### Your objective
Each line that contains the word "društva" is to be copied from the records below.

### Record excerpts
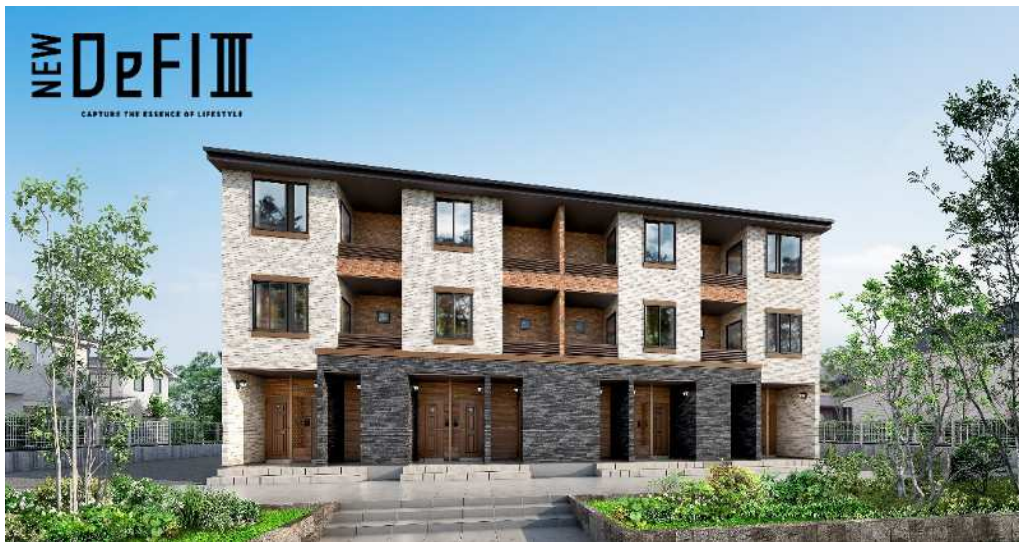
外観イメージ(プラン:北側玄関の4戸並び、外壁:ストーンナチュラル)
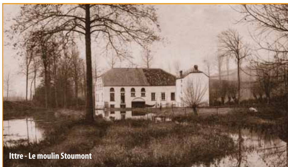
Ittre - Le moulin Stoumont
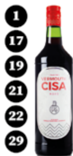
Vermut negre Cisa
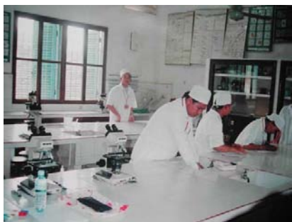
検査実習風景 (教室棟)
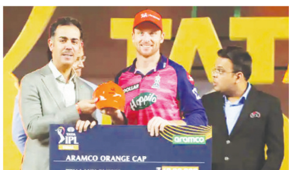
नई दिल्ली। राजस्थान रॉयल्स के बल्लेबाज जोस बटलर ने आईपीएल 2022 में इतिहास

रच दिया। जोस बटलर के बल्ले ने आईपीएल के इस सीजन में जमकर आग उगाली। जोस बटलर 850 से ज्यादा रन बनाने में सफल रहे, लेकिन एक मलाल उनको यह था कि राजस्थान की टीम खिताब नहीं जीत पाई। हालांकि, उन्होंने आईपीएल के एक सीजन में 6 अर्वाइस जीतने का काम किया है, जो किसी भी खिलाड़ी द्वारा एक रिकॉर्ड है।
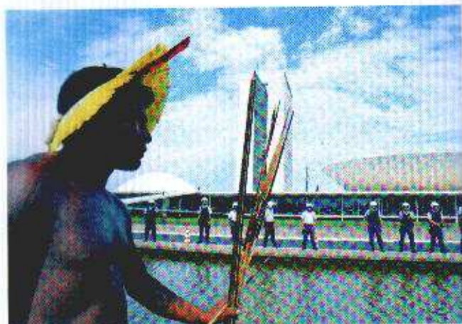
44. Até os índios protestam
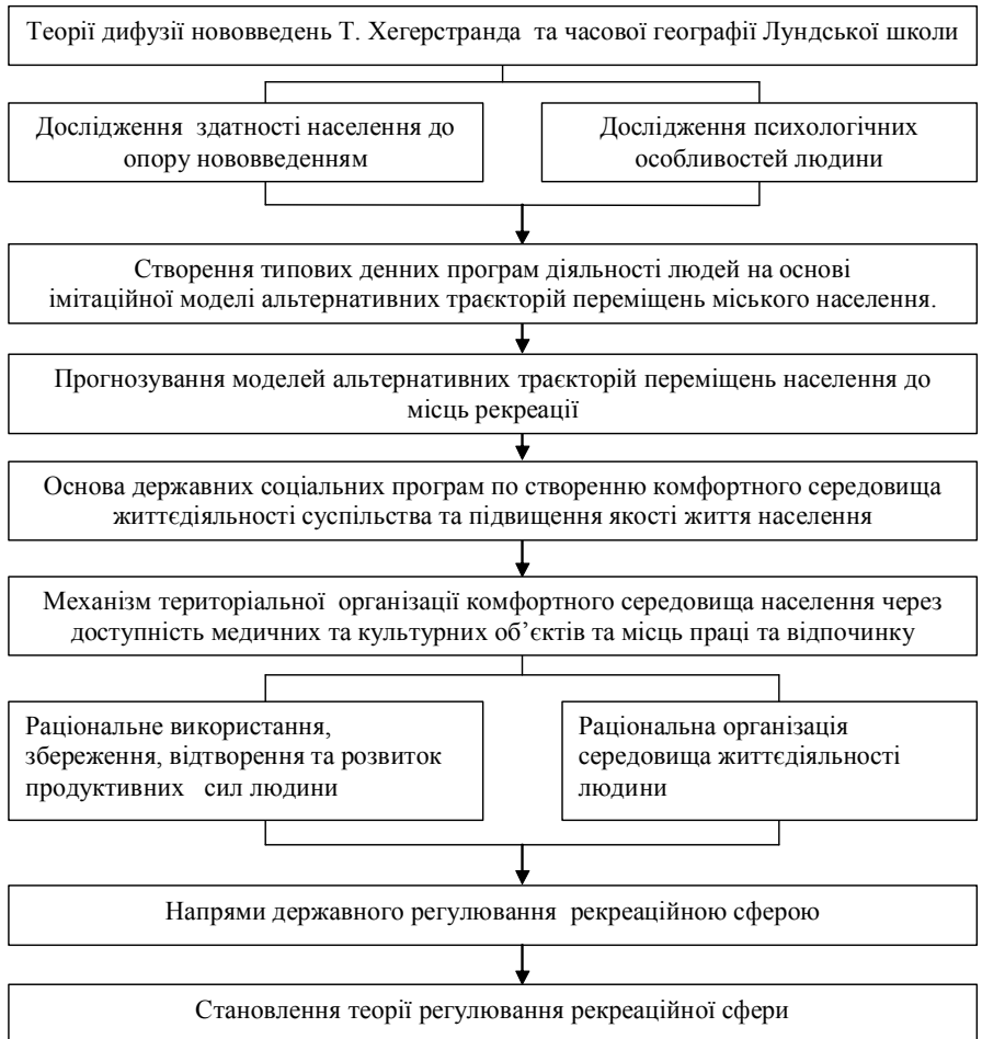
Рис. 1. Основні положення теорії просторово-часової динаміки Т. Хегерстранда у становленні теорії регулювання рекреаційної сфери

У буденності скриті можливості зміни способу існування людини з головним протиріччям сучасності між технологічним прогресом, що видозмінює всі форми соціалізації, та новим типом існування, який з'являється і виникає поза загальним рухом історії. В умовах сучасності повсякденне життя стає більш значимим, ніж сфера виробництва. Тому позитивні зміни суспільства повинні бути пов'язані з проникненням гуманізму, людяності в будь-яку повсякденність, зокрема в містобудівну сферу міста та сферу позаробочої діяльності [9].
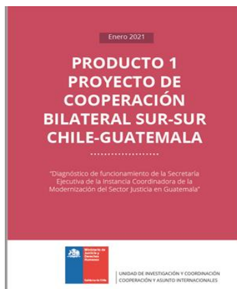
Foto de portada del estudio

La Unidad de Investigación y Coordinación prestó asesoría técnica a Guatemala, específicamente a la Instancia Coordinadora de la Modernización del Sector Justicia (ICMSJ), integrada por Organismo Judicial, a través de su Presidente; Fiscal General de la República; Director del Instituto de la Defensa Pública Penal; Ministerio de Gobernación y El Director General del Instituto para la Asistencia y Atención a la Víctima del Delito.
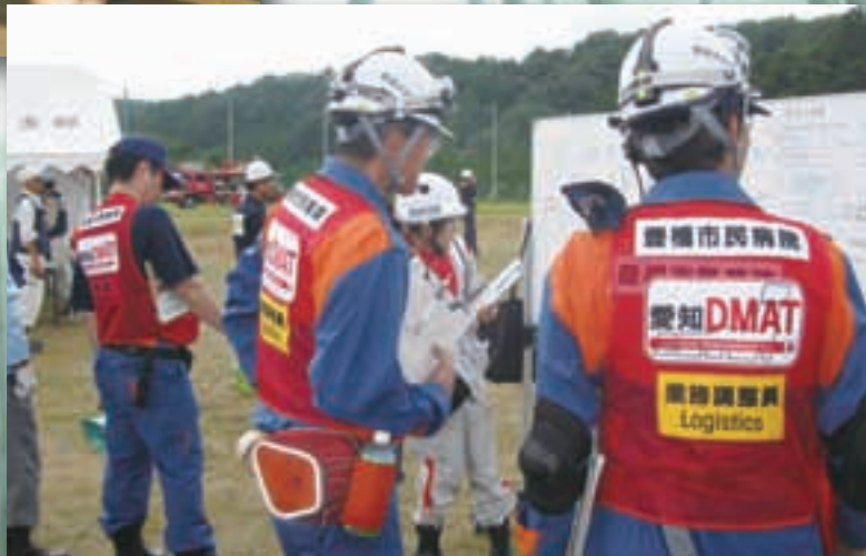
新城市総合防災訓練
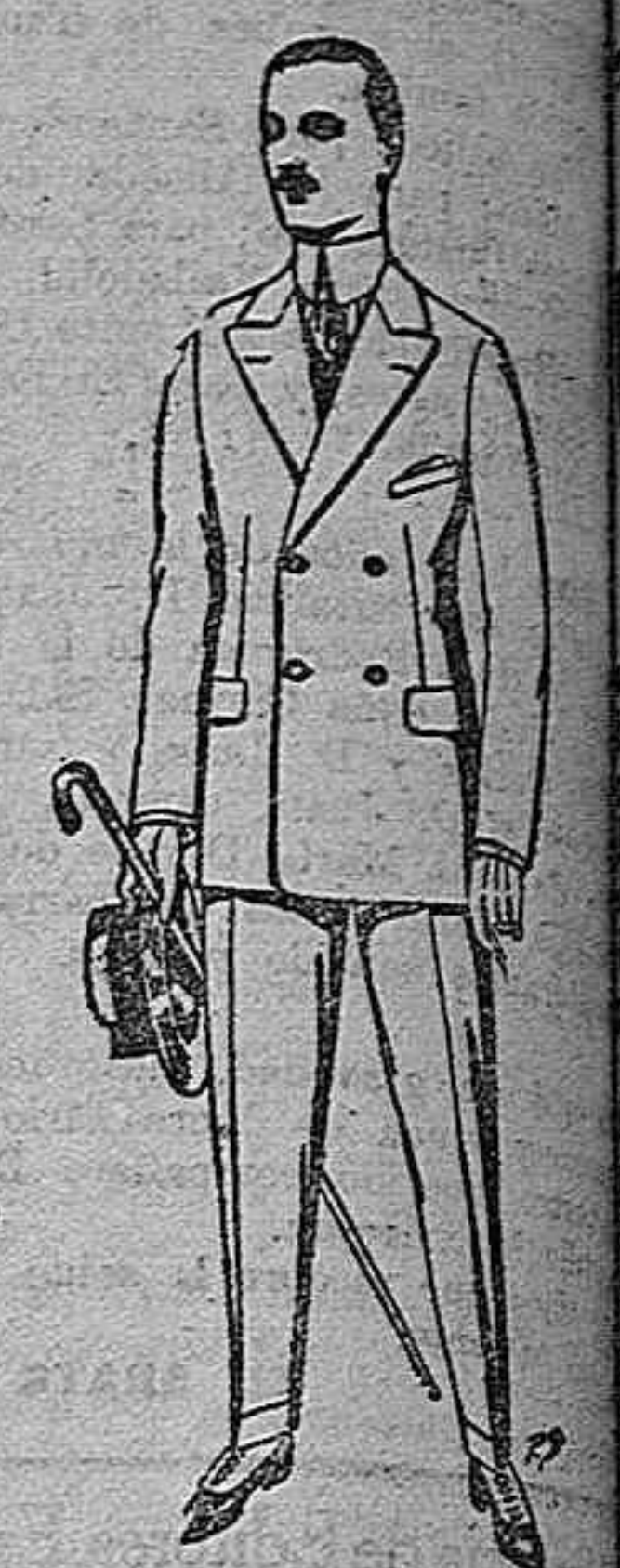
Trajes de vicuña o legueros o azules. De ptas. 38 a 40. Los mismos en melón a 40 pesetas de novedad. De ptas. 38 a 40.
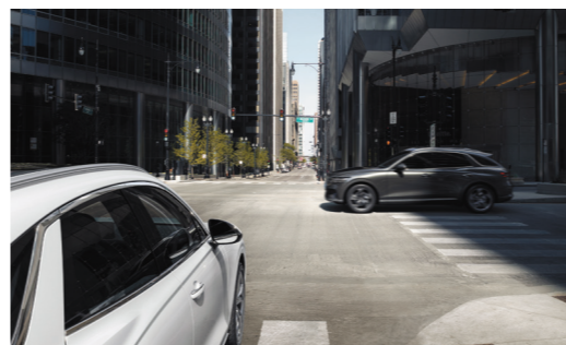
前方防止碰撞辅助
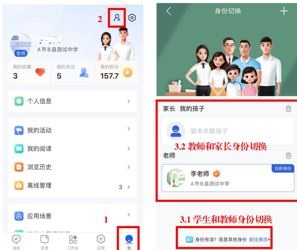
图 15 学生身份修改为教师身份步骤

我，如图 15，点击右上角切换图标进行身份切换。注：学生身份修改为教师身份会清空原学生身份数据。目前平台支持学生使用学生号注册，不是必须使用家长手机号注册，建议学生使用学生号注册。
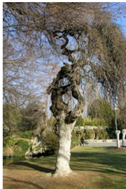
© Drac paca crmh, Jean Marx, 2005

Au sud de la ville, tout près de la mer, le plus vaste parc marseillais accompagne un château construit de 1768 à 1778 par les architectes Brun, Peyre et Clérisseau pour un riche commerçant, Louis Borély. Réalisé aux 18 e et 19 e siècles, le parc voit l'intervention de six paysagistes successifs: Embry (jardin classique en 1770), Paré (parc à l'anglaise en 1859), Alphand et Barillet-Deschamps (principaux auteurs du parc actuel en 1862), les frères Bülher (premier jardin botanique en 1880). Deux grandes parties sont juxtaposées: à l'ouest le jardin à la française, grande perspective axée sur le château, à l'est le parc à l'anglaise dont les allées sinuent autour d'un lac. De ce parc on accède au jardin botanique dont la serre présente la flore tropicale.
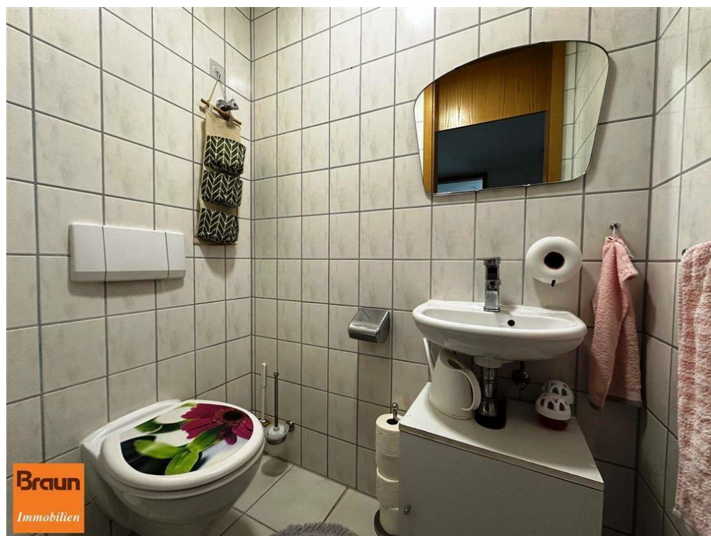
3-Zi.-Mietwohnung, VS-S, 4-7331, Gäste WC
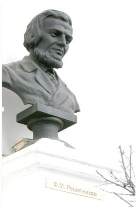
Ил. 5. Бюст Ф.М. Решетникова.
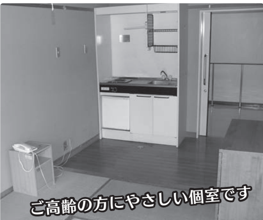
ご高齢の方にやさしい個室です
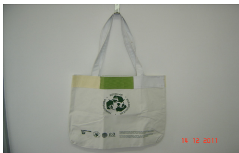
FIGURA 1: sacola ecológica confeccionada pelas sentenciadas.

As próprias sentenciadas que trabalham na confecção das sacolas asseguram que ainda não sabem se vão ou não receber pela produção das mesmas, pois esta informação não fora passada a elas de forma oficial e o que sabiam eram apenas avisos informais. Até a elaboração deste artigo, elas ainda não haviam recebido pelo trabalho, que já acontece há onze meses. Vale lembrar que estas sacolas são sorteadas e distribuídas em vários pontos da cidade, sem qualquer tipo de informação referente ao fato de serem realizadas com mão-de-obra gratuita.
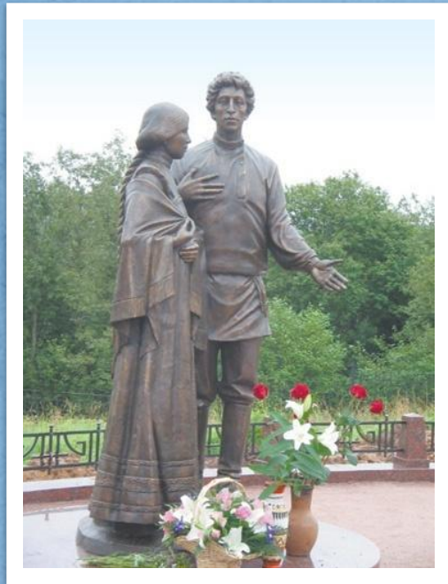
Памятник Блоку: рядом с прекрасной дамой
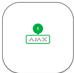
1 - Логотип со световым индикатором.
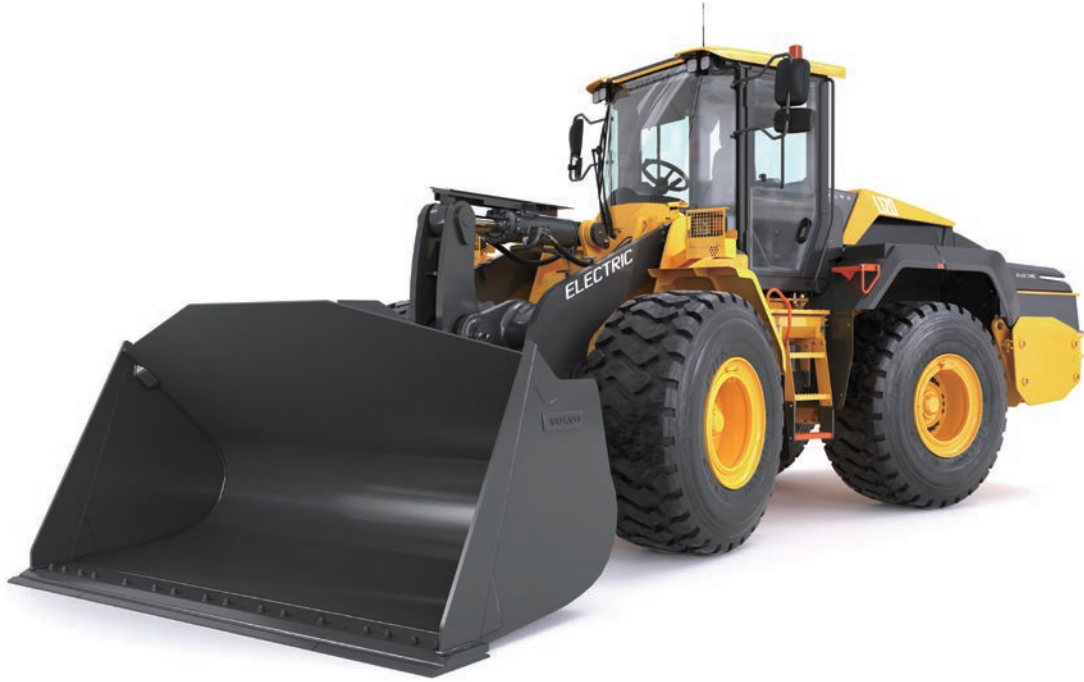
沃尔沃轮式装载机 18.5-20.5 吨 (整机重量)
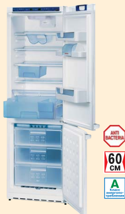
KGP 36320 белый

ANTI BACTERIA 60 CM Класс энергопотребления А
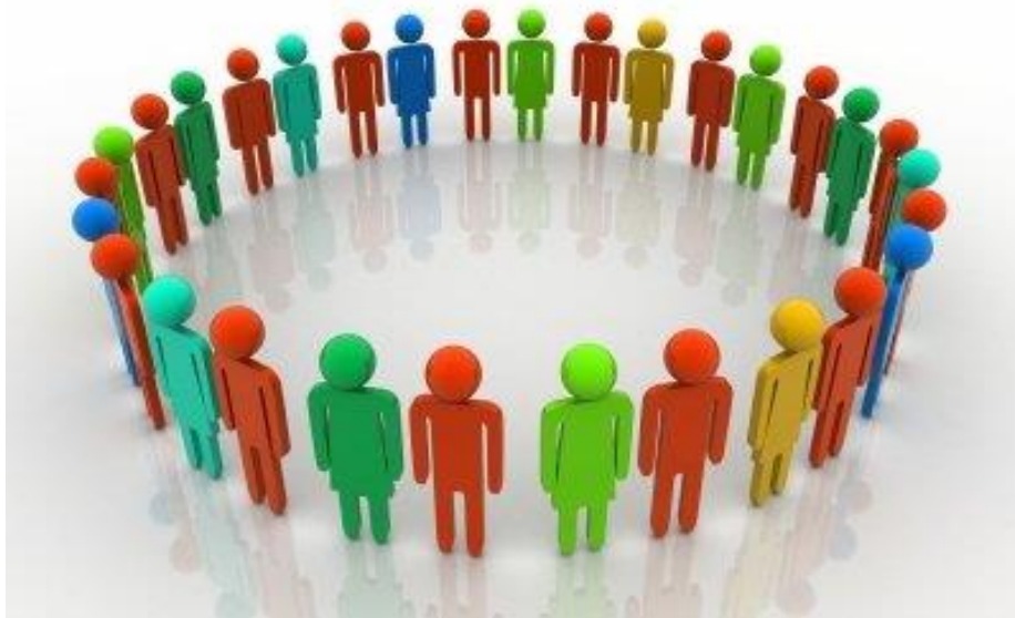
Slika 1. Ilustracija raznolikosti jednog ljudskog društva

Za početak treba pokušati što preciznije determinirati društvo (slika 1.) i društvenu zbilju ili društvenu stvarnost , pojmove koji su naoko razumljivi sami po sebi, no nije lako postaviti njihove univerzalno važeće definicije. Razlog dobrim dijelom leži u tvrdnji Deana Duda kako je "društvo zapravo složena mreža u kojoj se nalaze različite interesne grupe", iz čega proizlazi kako je i društvena zbilja u najmanju ruku jednako, ako ne i više, složena od samoga društva. Duda nadalje upozorava: "Njihovi se međusobni odnosi (interesnih grupa, nap. a. ) pokazuju kao odnosi moći, kao strukture dominacije i potčinjenosti, kao mjesto neprestane borbe i sukoba. Moć u društvu djeluje tako da se interesi jedne klase ili grupe nameću i pritom nastoje prikazati kao opći interesi". 3 Upravo takvi pokušaji neke vladajuće i dominantne klase u određenom društvu nerijetko su bili predmetom izrugivanja u promatranim animiranim serijalima za odrasle, što će biti prikazano u drugom, praktičnom dijelu rada.
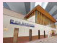
「西山天王山」駅の詳しい情報が満載! http://rail.hankyu.co.jp/tennozsan/

阪急京都線の新駅「西山天王山」駅は2013年12月に誕生しました。東口駅前広場には、京都縦貫自動車道の高速バスストップにつながるエレベーターを設置。宮津・天橋立や横浜、東京ディズニーリゾート®、信州へ的高速バスに乗り継ぎます。阪急電車と高速バスを乗り継いで、いつもより遠くへお出かけしませんか?

### Your response
Slika 1. Ilustracija raznolikosti jednog ljudskog društva
Za početak treba pokušati što preciznije determinirati društvo (slika 1.) i društvenu zbilju ili društvenu stvarnost , pojmove koji su naoko razumljivi sami po sebi, no nije lako postaviti njihove univerzalno važeće definicije. Razlog dobrim dijelom leži u tvrdnji Deana Duda kako je "društvo zapravo složena mreža u kojoj se nalaze različite interesne grupe", iz čega proizlazi kako je i društvena zbilja u najmanju ruku jednako, ako ne i više, složena od samoga društva. Duda nadalje upozorava: "Njihovi se međusobni odnosi (interesnih grupa, nap. a. ) pokazuju kao odnosi moći, kao strukture dominacije i potčinjenosti, kao mjesto neprestane borbe i sukoba. Moć u društvu djeluje tako da se interesi jedne klase ili grupe nameću i pritom nastoje prikazati kao opći interesi". 3 Upravo takvi pokušaji neke vladajuće i dominantne klase u određenom društvu nerijetko su bili predmetom izrugivanja u promatranim animiranim serijalima za odrasle, što će biti prikazano u drugom, praktičnom dijelu rada.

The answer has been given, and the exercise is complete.